PROJECT SUMMARY Alpha-1 antitrypsin deficiency (AATD) is the most common genetic cause of chronic obstructive pulmonary disease (COPD). Individuals with AATD have extremely low levels of plasma AAT, a serine protease inhibitor that inactivates neutrophil elastase and matrix metalloproteinases to maintain the protease-antiprotease balance in the lung. Although research has contributed to an understanding of the pathogenesis of AATD much remains to be defined regarding its natural history, treatment strategies and clinical course. The most fundamental barrier to effective therapeutic approaches to AATD is a lack of suitable biomarkers that are specific for disease progression or correlate with a specific disease phenotype. Furthermore, we lack a complete understanding of the genetic and phenotypic characteristics of this disease. Therefore, the present initiative will first form a prospective cohort of individuals with AATD (Alpha-1 Clinical Cohort, A1CC) and subsequently identify individuals from that cohort to enter into a biomarker study through the collaborative Alpha-1 Biomarker Research Consortium (A1BReC). In the context of the A1BReC, fundamental studies will be performed to elucidate genotype/phenotype relationships in the disease and explore further mechanistic studies in the pathogenesis of AATD. UG3 Phase: The primary goal of this phase will be in collaboration with the Alpha-1 Foundation to place the present Alpha-1 contact registry into a fully integrated and user-friendly Alpha-1 Clinical Cohort managed by the Alpha-1 Foundation. The A1CC will provide for public data access of de- identified information through an i2b2 query module. The secondary goal is to finalize the study protocol, informed consent, manual of procedures, execute clinical site contracts and gain IRB approvals for the UH3 phase of the protocol.
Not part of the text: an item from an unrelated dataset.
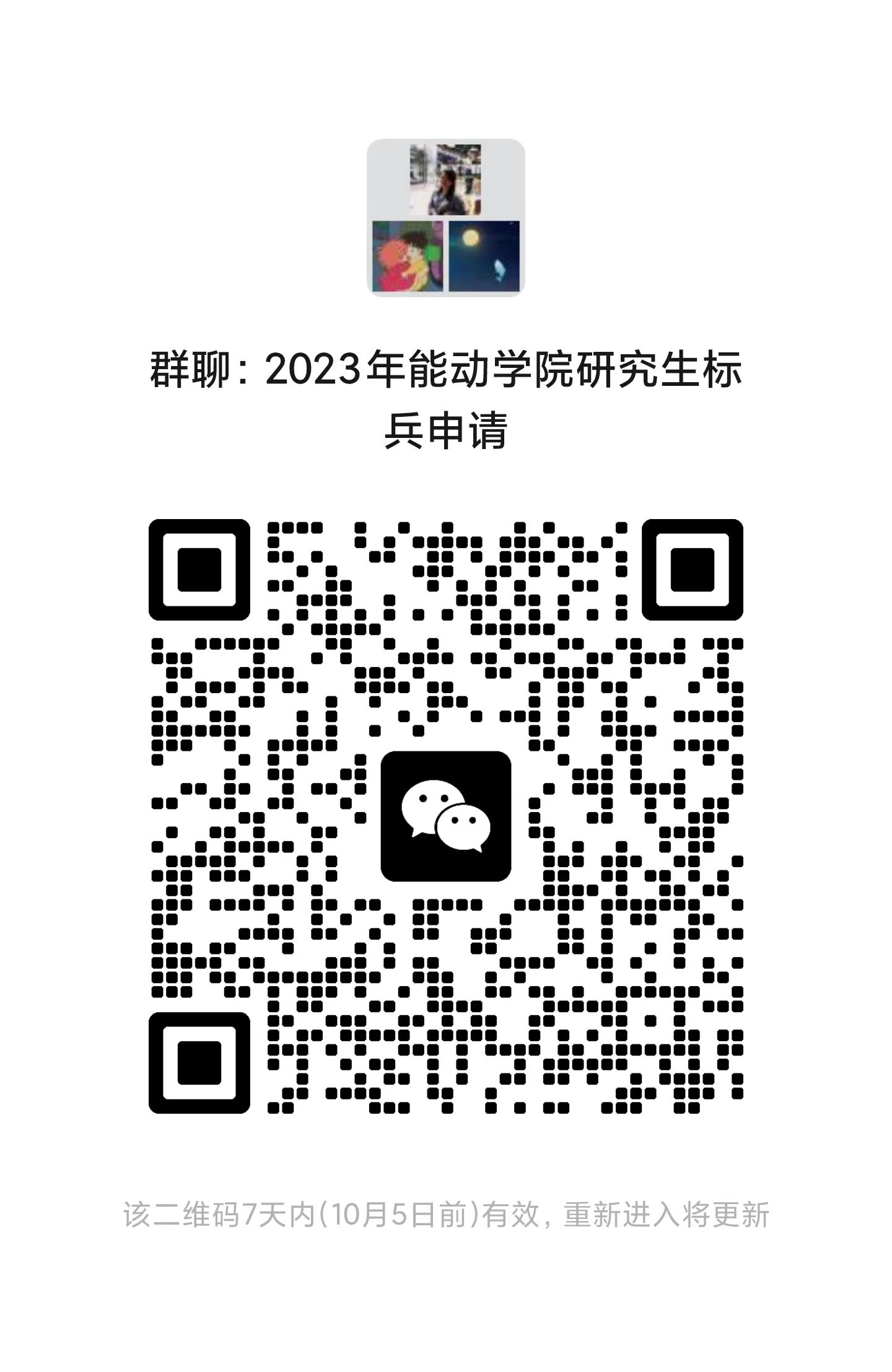 4.请有意向申请的同学,于2023年10月6日18:00之前将附件1和2电子版发送至[email protected],并扫描二维码进群,并提前准备好PPT,学院预计在国庆节后组织答辩。

UH3 Phase: To test the hypothesis that biomarkers in serum and sputum of a population of AATD with lung disease will correlate with imaging biomarkers that can predict prognosis and outcome of disease and identify genotype/phenotype correlations in a population of AATD patients with lung disease through comparisons with AATD patients without lung disease.
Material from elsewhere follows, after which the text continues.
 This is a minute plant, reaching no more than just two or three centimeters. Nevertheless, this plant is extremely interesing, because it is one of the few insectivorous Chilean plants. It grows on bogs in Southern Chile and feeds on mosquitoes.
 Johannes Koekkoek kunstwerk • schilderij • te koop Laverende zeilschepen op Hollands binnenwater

项目摘要 α-1抗胰蛋白酶缺乏症（AATD）是慢性阻塞性的最常见遗传原因 肺部疾病（COPD）。 AATD患者的血浆AAT水平极低，丝氨酸 蛋白酶抑制剂，使中性粒细胞弹性酶和基质金属蛋白酶保持维持 蛋白酶 - 抗蛋白酶在肺中的平衡。尽管研究有助于理解 AATD的发病机理在其自然病史，治疗方面仍有许多待定义 策略和临床课程。有效治疗方法的最根本障碍 AATD缺乏适合疾病进展或与A相关的适当生物标志物 特定疾病表型。此外，我们对遗传和 该疾病的表型特征。因此，本计划将首先构成潜在的 与AATD（Alpha-1临床队列，A1CC）的个体队列，随后识别个体 从该队列开始，通过协作Alpha-1生物标志物研究进入生物标志物研究 财团（A1brec）。在A1BREC的背景下，将进行基本研究 阐明疾病中的基因型/表型关系，并探索进一步的机械研究 AATD的发病机理。 UG3阶段：此阶段的主要目标将与Alpha-1基金会合作 将当前的Alpha-1联系人注册表放入完全集成且用户友好的Alpha-1临床上 由Alpha-1基金会管理的队列。 A1CC将为DE-的公共数据访问提供 通过I2B2查询模块识别信息。次要目标是确定研究 协议，知情同意书，手册，执行临床现场合同并获得IRB 批准协议的UH3阶段。 UH3阶段：检验以下假设：AATD人群的血清和痰液中的生物标志物 与肺部疾病有关，将与可以预测预后和结果的成像生物标志物相关 疾病并确定肺AATD患者群体中的基因型/表型相关性 通过与没有肺部疾病的AATD患者进行比较，疾病。